Strongly hyperbolic second order Einstein's evolution equations

TL;DR

This paper proves that a class of Einstein's evolution equations used in numerical relativity, specifically BSSN-type equations with densitized lapse, are strongly hyperbolic, ensuring well-posedness of the initial value problem.

Contribution

It demonstrates that a pseudo-differential first order reduction of BSSN-type equations yields strongly hyperbolic systems without adding extra equations or constraints.

Findings

BSSN-type equations are strongly hyperbolic after reduction.

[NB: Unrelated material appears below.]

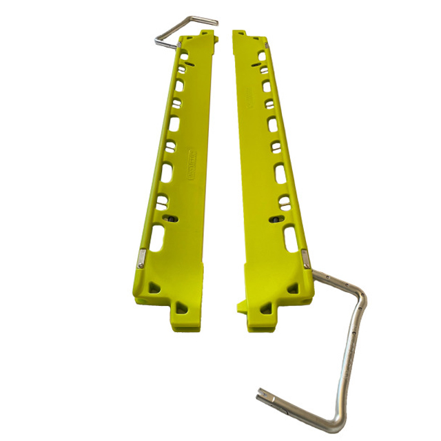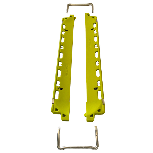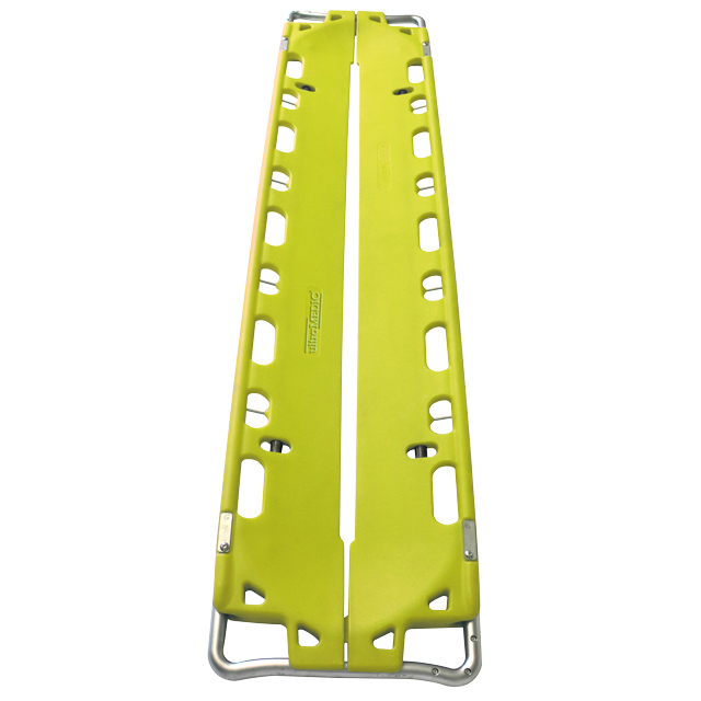 Die beidseitigen Bügelverschlüsse und die besonders flache Schaufelkante ermöglichen ein schnelles und einfaches Aufschaufeln und Arretieren der beiden Schaufelhälften. Die konkave Form gewährleistet eine vollständige Ruhigstellung des Patienten für einen einfachen und sicheren Transport. Zudem ist der ultraCOMBI-STRETCHER II Röntgen- und CT-tauglich.
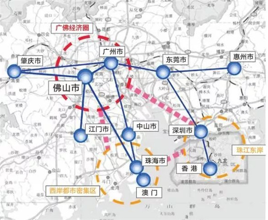 一環(huán)聯(lián)系:依托珠三角環(huán)形高速、廣佛環(huán)線等高快速路和鐵路環(huán)狀通道,以廣州空港經(jīng)濟區(qū)、中新廣州知識城、南沙新區(qū)、佛山的大良—容桂副中心、獅山副中心等為重要節(jié)點,構成圍繞廣佛核心區(qū)的城鎮(zhèn)發(fā)展環(huán),努力建成新的經(jīng)濟增長極。

Densitized Arnowitt-Deser-Misner equations are weakly hyperbolic.

The reduction preserves arbitrary lapse and shift functions.

Abstract

BSSN-type evolution equations are discussed. The name refers to the Baumgarte, Shapiro, Shibata, and Nakamura version of the Einstein evolution equations, without introducing the conformal-traceless decomposition but keeping the three connection functions and including a densitized lapse. It is proved that a pseudo-differential first order reduction of these equations is strongly hyperbolic. In the same way, densitized Arnowitt-Deser-Misner evolution equations are found to be weakly hyperbolic. In both cases, the positive densitized lapse function and the spacelike shift vector are arbitrary given fields. This first order pseudodifferential reduction adds no extra equations to the system and so no extra constraints.